Les avancées des sciences et des techniques soulèvent des questions cruciales
qui touchent à la vie de chacun et font débat. Les progrès n’ont plus l’évidence
du Progrès. Les citoyens veulent exercer un “ droit de savoir ”, comprendre ce
que la recherche rend possible.
Créé en 2001, le Collège de la Cité des
sciences et de l’industrie organise, tout au long de l’année, des cycles de
conférences et de débats où plus de 200 chercheurs viennent à la rencontre du
public. L’ambition est de permettre à chacun d’acquérir des connaissances
fondamentales, de s’informer des développements les plus récents, de se former
une opinion éclairée. Pour que la science devienne une composante de la
culture.
Sida, polio, SRAS, fièvre jaune... Nous sommes habitués à l'idée que les virus sont des agents pathogènes. En réalité, ceux-ci ne constituent qu'une petite minorité dans le monde viral, la face émergée d'un iceberg bien plus impressionnant. En effet tous les virus ne sont pas forcément dangereux.
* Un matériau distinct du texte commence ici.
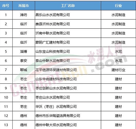 7月5日,山东省工业和信息化厅发布《省级绿色工厂(第一批)名单公示》。公示名单85家省级绿色工厂中,包括昌乐山水水泥有限公司、费县沂州水泥有限公司、沂南中联水泥有限公司、蒙阴广汇建材有限公司、山东宝山科技有限公司、泰山中联水泥有限公司、茌平信源环保建材有限公司、山东中岩建材科技有限公司、枣庄创新山水水泥有限公司、枣庄山水水泥有限公司、华沃(枣庄)水泥有限公司、德州中联大坝水泥有限公司等13家水泥建材企业。

Par exemple, ils ont joué un rôle capital dans l'évolution des espèces en fournissant aux patrimoines génétiques des gènes en quantité. Demain, ils pourraient être utilisés dans la lutte contre les bactéries ou le cancer. Si les virus sont de véritables poisons, au sens étymologique du terme, de nombreuses recherches récentes nous révèlent une face cachée, plus positive et surprenante, de ce monde à la frontière du vivant.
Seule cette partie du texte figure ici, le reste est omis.